Total Loss: 45 pounds (I lost another TWO POUNDS this week!)...But I know I could have lost more. It's time to really start bringing in the calories consumed, I think.
What I craved this week: I didn't have any real cravings until Monday night. I limited the chocolate covered pretzels to 6 on Saturday night and ignored the tortilla chips and salsa on my plate that night for dinner. I also got a small ice cream from Marble Slab Saturday night instead of a medium (or a large...)
On Monday night, all I wanted was Chik-Fil-A for dinner. I had the calories left to eat, so I went ahead and splurged on chicken strips and waffle fries. I may have also splurged on ice cream from McDonald's as well.
And I DID NOT crave a diet coke! I drank water with my Chik-Fil-A, and it was delicious.
|hello almost skinny face.|
And finally, over the weekend, I bought new sports bras and new work-out capris in a size large. I've been a size XL (and also a size XXL) for so long that I never really saw myself as needing only a large. But after lots of loose sports bras and pants that almost fall down wile I run, I decided it was probably a good idea to get clothes that fit.
I'm not ready to wear a size large in regular clothes just yet. But I am getting there!
Workouts planned for this week: I made a work-out schedule over the weekend, and so far I have stuck to it - except for on Tuesday night. After a long, busy clinic and then voting, I decided to take my tired self and sore heel home for relaxing. I'm hoping to make it to the gym on Thursday morning instead.
Personal Goal(s) for this week: No eating lunch out for the work week! I have more calories left over for dinner (when I am the hungriest) when I take my own lunch. Plus it helps save money. I also want to continue to track everything - even when I go over my calorie goals. It's important for me to see and remember what I am putting into my body.
I need to work on limiting sweets. I love ice cream and frozen yogurt more than almost anything. And I will eat it every chance I get. The calories in frozen yogurt aren't awful, but I know it would be better if I limited my consumption of sweets (especially the frozen kind) even more. So I am hoping and planning to only have frozen sweetness a total of three times this week or less.

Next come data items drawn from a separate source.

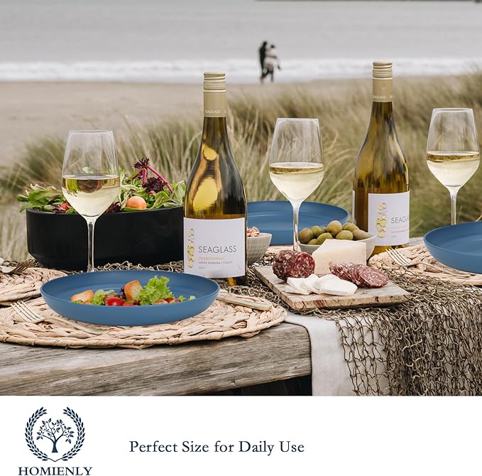 Homienly Dinner Plates Set, Alternative to Plastic Plates,Wheat Straw Plate Set of 8,Lightweight Microwave and Dishwasher Safe Plate,Unbreakable Salad Plates for Kitchen, Camping (Blue,10 inch)
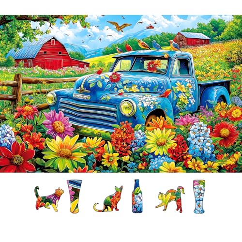 MINIWAN 500 Piece Jigsaw Puzzle for Adults - Vintage Blue Truck in Flower Field, Countryside Farm & Unique Cat-Shaped Pieces, 23x15 Inch Art Puzzle, Challenging Hard Difficult Puzzles for Adults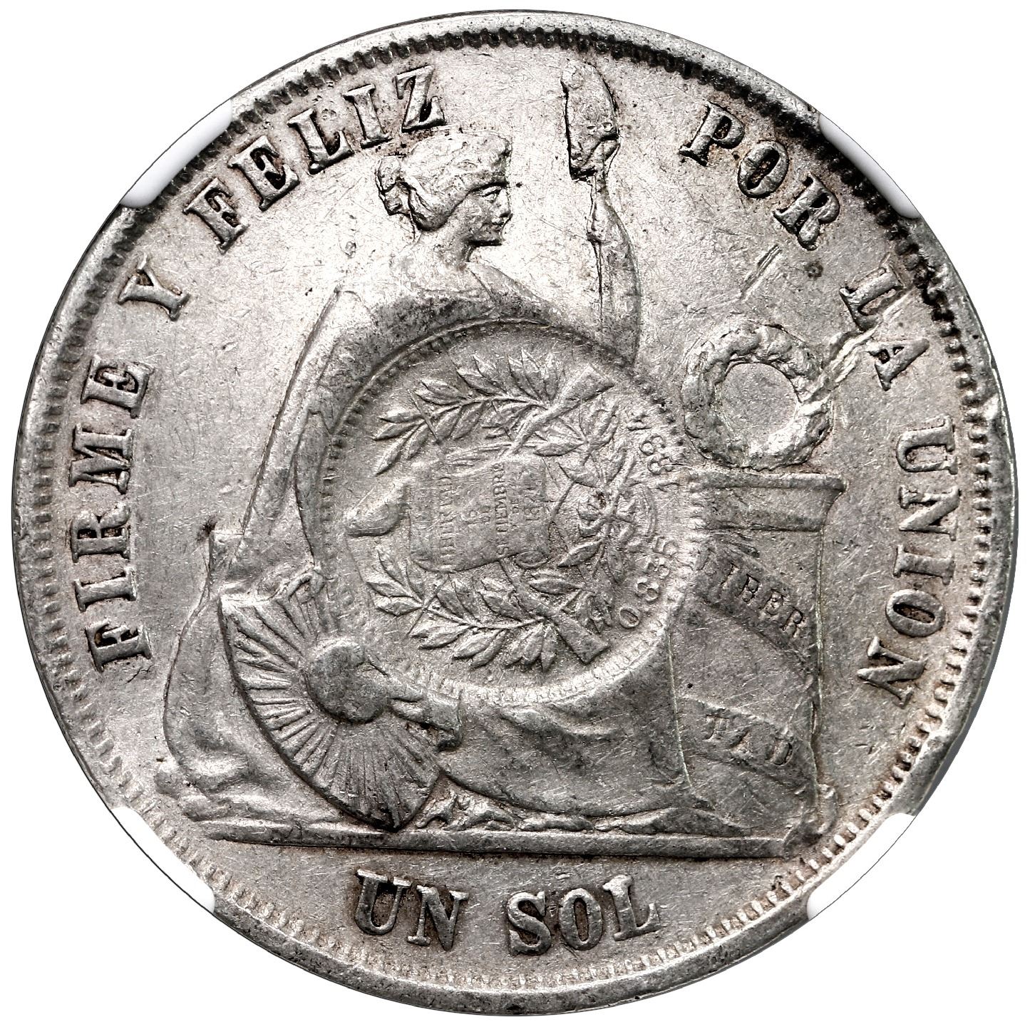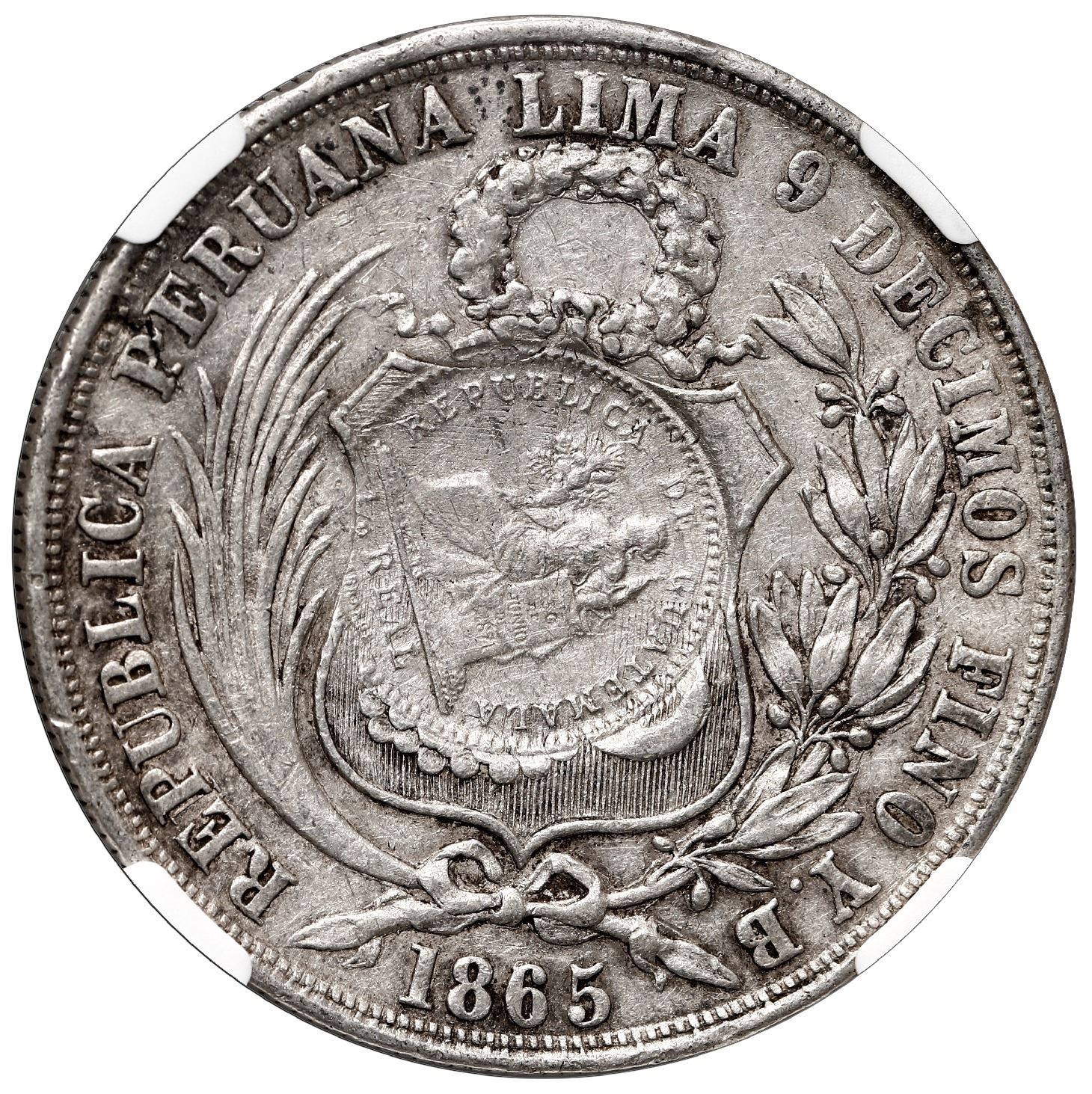Guatemala, 1 peso, "1/2 real" counterstamp of 1894 on a Lima, Peru, 1 sol, 1865 YB, NGC XF 45, c/s AU standard. KM-224. Early host date, no toning, minor flan-flaw inside LA of legend. Please use this link to verify the certification number

|last week's calorie deficits|
Favorite Quote(s) for this week: "Fitness to me, isn't about a crunch or a push-up: It's about taking your power back. " - Jillian Michaels
"It's all about lifestyle change." - Bob Harper
"Obstacles don’t have to stop you. If you run into a wall, don’t turn around and give up. Figure out how to climb it, go through it, or work around it." - Michael Jordan
What I'm looking forward to: Running. I want to be back in the game of running and training for another 5K. But I know I need to get this plantar fasciitis under control first...More spinning. Nothing pushes me quite like spin class, and I need that push...It reminds me how far I have really come.
And.. on a note unrelated to weight loss, I am looking forward to the outside of our new house being DONE. Rock gets hung Thursday! It will finally look like a real house then, and they can get to work on insulation, drywall, flooring, and all the other fun stuff.